Braden looked up, hope flickering stupidly.
“That’s it?”
Lorenzo’s voice went very quiet.
“You will never contact her. You will never say her name. You will never stand outside her shop, send a message through a friend, or breathe in the direction of anything she loves. If you do, the next conversation will not include paperwork.”
Braden nodded quickly.
“Anything.

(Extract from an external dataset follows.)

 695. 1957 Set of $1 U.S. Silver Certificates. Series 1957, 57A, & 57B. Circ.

I’ll sign anything.”
Lorenzo put the glove back on.
“One more thing.”
Braden froze.
“Which hand?”
“Which hand left the bruise?”
Braden swallowed.
“I don’t remember.”
Lorenzo stared at him.
Braden began sobbing.
“The right.”
Lorenzo turned away before Mateo stepped forward.
The warehouse swallowed the sound behind him.

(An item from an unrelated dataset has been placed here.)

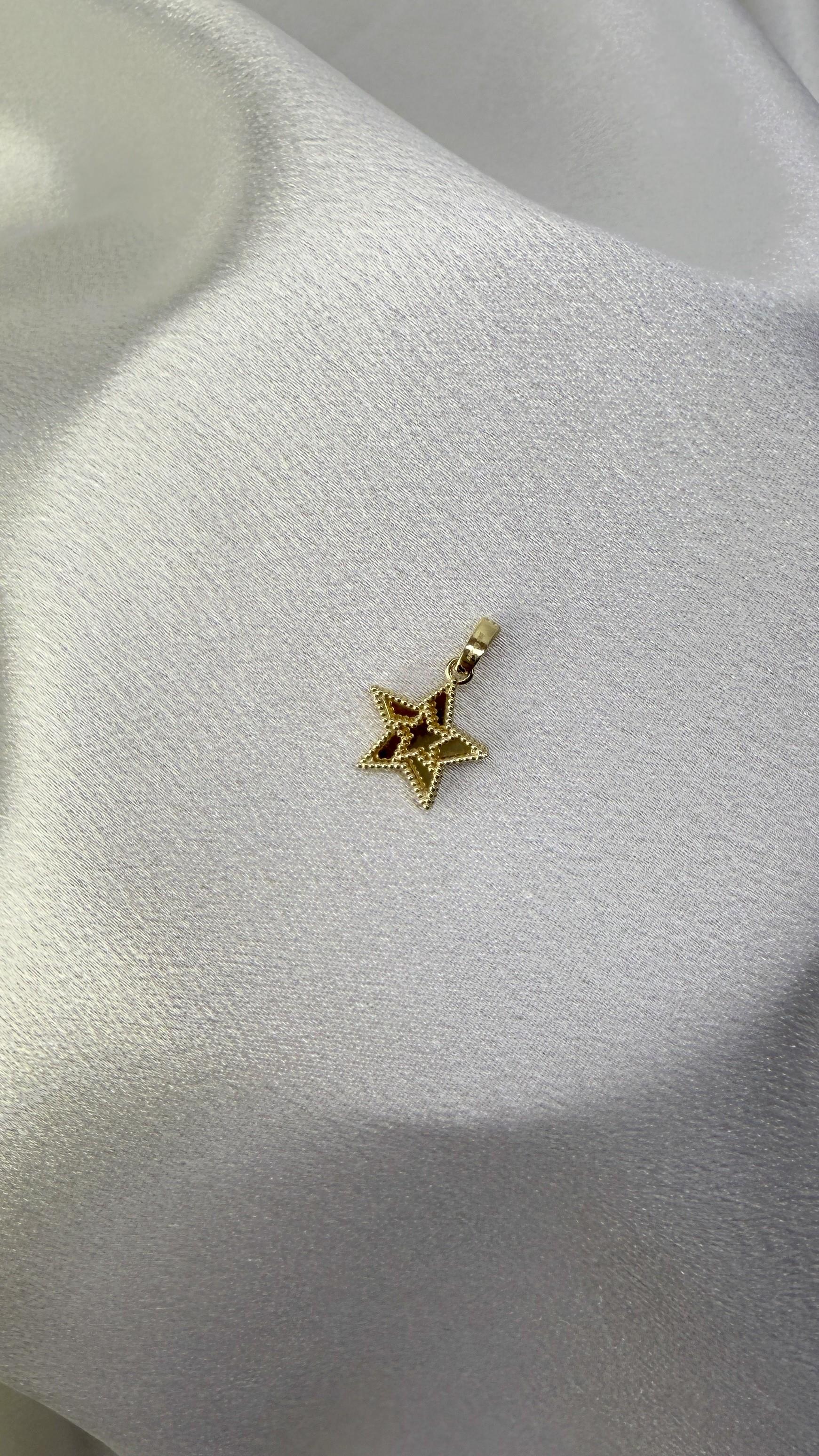 Yıldız figürü; umut, başarı ve pozitif enerjiyi simgeler. Günlük kullanıma uygun olan bu zarif kolye ucu, sevdiklerinize anlamlı bir hediye alternatifi olarak da tercih edilebilir. Kendi tarzınıza uygun bir zincirle tamamlayarak şıklığınızı ön plana çıkarabilirsiniz.

By the time Lorenzo returned to the estate, Daisy was awake.
She sat against the pillows in one of the guest suites, the firelight warming her brown skin and dark hair, Mabel the cat curled at her hip like she had always belonged on charcoal silk sheets worth more than Daisy’s monthly rent.
Daisy looked at Lorenzo when he entered.
Not with gratitude.
With suspicion.
Good, he thought.
He preferred suspicion to blind trust.
Suspicion meant she still knew herself.
“What did you do?” she asked.
Her voice was hoarse from sleep.
“I found out why the O’Connors want your shop.”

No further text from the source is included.